My noble friend Lord Hailsham put the matter with the clearness which we know from old days he completely commands, and I am sure that it must have been a pleasure to your Lordships to hear him. He told us with his usual candour that he had a particular case in mind, which was the case of a property of his own, though, of course, that was not the reason—certainly not the sole reason—why he raised the matter. May I just say in respect of that case that if I am correctly informed the surrender to the landlord took place before there ever was any War Damage Act, 1941, or any War Damage Act at all. It was done under an earlier Statute which permitted the tenants, if they thought well, to surrender the lease of their house to the landlord if the house had been damaged as a result of the war. They might so wish or they might riot.
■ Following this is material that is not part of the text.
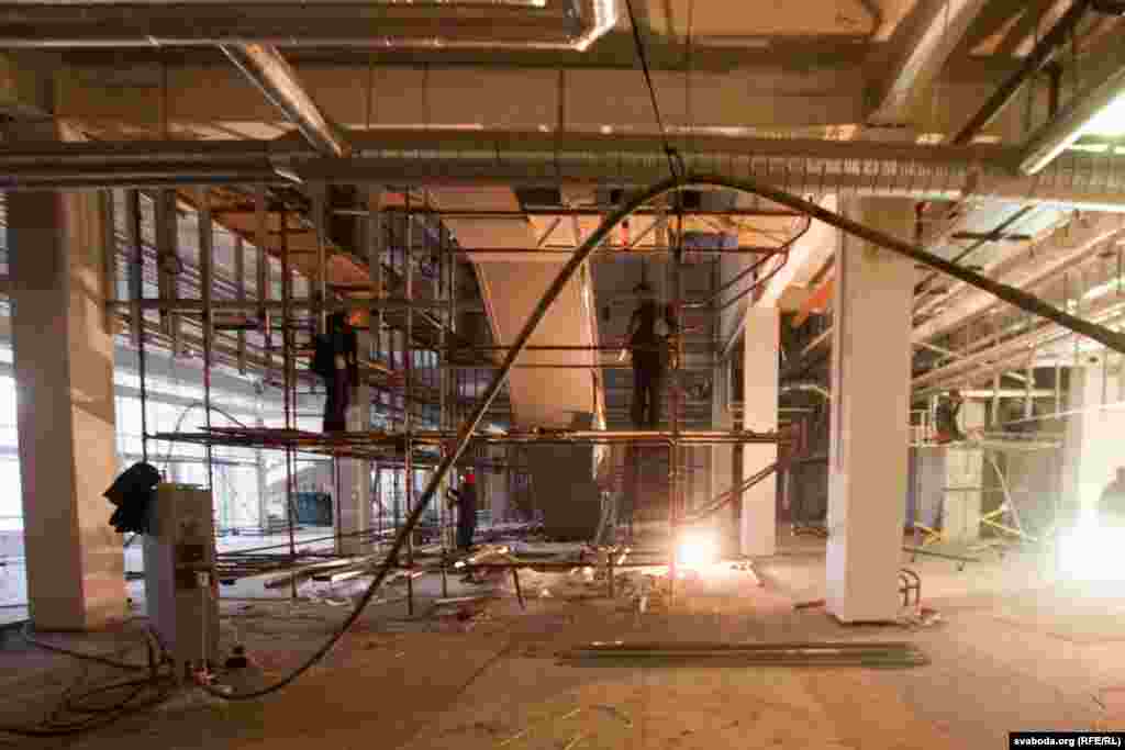 За тры тыдні да заплянаванага адкрыцьця працы тут ідуць у аўральным рэжыме. У прымусовым парадку на стратэгічны аб'ект заганяюць студэнтаў і працаўнікоў дзяржаўных прадпрыемстваў. Аднак фінішу не відаць.

I myself think it would not be very prudent advice for a surveyor to advise a lessee to surrender a valuable lease to his landlord unless indeed he was quite certain that it had become a damnosa hereditas, and if I have the opportunity of communicating with my noble friend I think I can assure him how in his particular case those considerations apply.

But on the general matter my noble friend is of course quite right when he says that, in so far as an individual property would before this present Bill have been dealt with on one basis, and as a result of this present Bill will be dealt with on a slightly different basis, you can imagine a case where some complaint might arise. But it is absolutely necessary that we should get the operations of the War Damage Commission on a practical basis so that they may really do the work that they are authorized to do, and I was glad to hear my noble friend Lord Barnby recognize that manifest truth. There is no way of doing it unless we make a certain assumption—namely, that it would be fair to take the values and the costs as at the date I have mentioned. I am assured by those who have looked into the matter that if there be any case at all which is going to be affected it will be a purely marginal case. The sort of instance that Lord Hailsham had in mind is not going to be affected one way or the other. I think that if your Lordships will study this technical matter carefully, as it has been my melancholy fate to do, you will come to the conclusion, as the House of Commons did, that while admitting that we are making a certain change it is a change which, in the circumstances, is incapable of being avoided and is really necessary in order that the machine may work in a practical manner. However, this does not arise on the Second Reading as I think Lord Hailsham indicated, and I hope that I may now have this stage of the Bill.

On question, Bill read 2a, and committed to a Committee of the Whole House.